Metadata-Version: 2.4
Name: mda-memory
Version: 0.1.3
Summary: Online associative memory for LLMs
Requires-Python: >=3.10
Description-Content-Type: text/markdown
License-File: LICENSE
Requires-Dist: open-webui
Requires-Dist: numpy
Requires-Dist: torch
Requires-Dist: rich
Requires-Dist: prompt_toolkit
Requires-Dist: python-dotenv
Requires-Dist: requests
Requires-Dist: anthropic
Requires-Dist: ollama
Requires-Dist: chromadb
Requires-Dist: sentence-transformers
Requires-Dist: tqdm
Requires-Dist: matplotlib
Requires-Dist: ijson
Requires-Dist: deep-translator
Requires-Dist: langdetect
Dynamic: license-file

# Modular Dynamic Architecture (MDA)

**Online associative memory for LLMs.
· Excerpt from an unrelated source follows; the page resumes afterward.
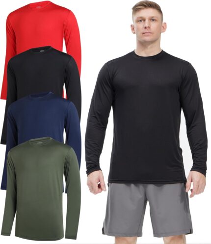 4 Pack Long Sleeve Shirts for Men Quick-Drying Moi…

Learns during inference. No backpropagation.**

[![PyPI](https://img.shields.io/pypi/v/mda-memory.svg)](https://pypi.org/project/mda-memory/)
[![License: SSPL](https://img.shields.io/badge/License-SSPL-blue.svg)](LICENSE)
[![Python 3.10+](https://img.shields.io/badge/python-3.10+-blue.svg)](https://www.python.org/)

---

## What is MDA?

Large language models can reason but cannot remember. RAG partially addresses this but cannot update during a conversation or learn from it.
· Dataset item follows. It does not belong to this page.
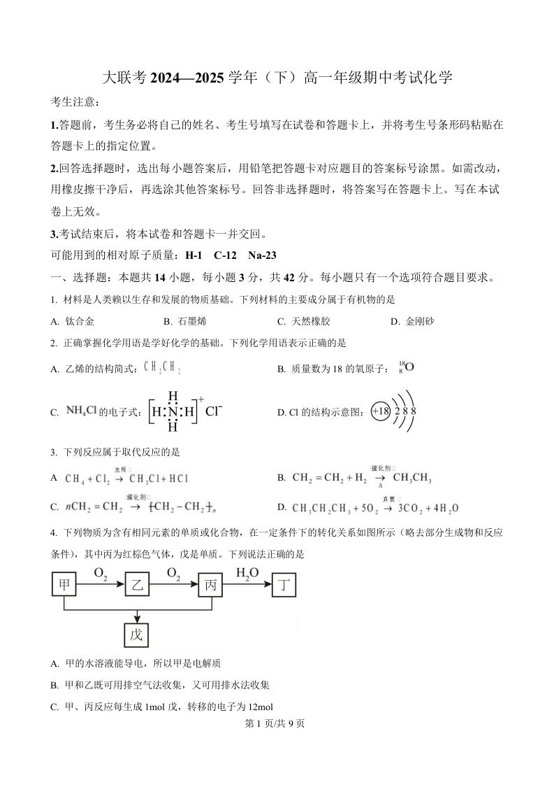 河南省区域2024-2025学年下学期4月高一期中联考化学(原卷版)

MDA fills precisely these gaps.

It encodes knowledge as **512-dimensional Holographic Distributed Representations (HDRs)**, connects concepts through a **sparse synapse graph**, and retrieves context by activating entity networks — not by text-chunk similarity search. New knowledge is integrated immediately, without rebuilding any index.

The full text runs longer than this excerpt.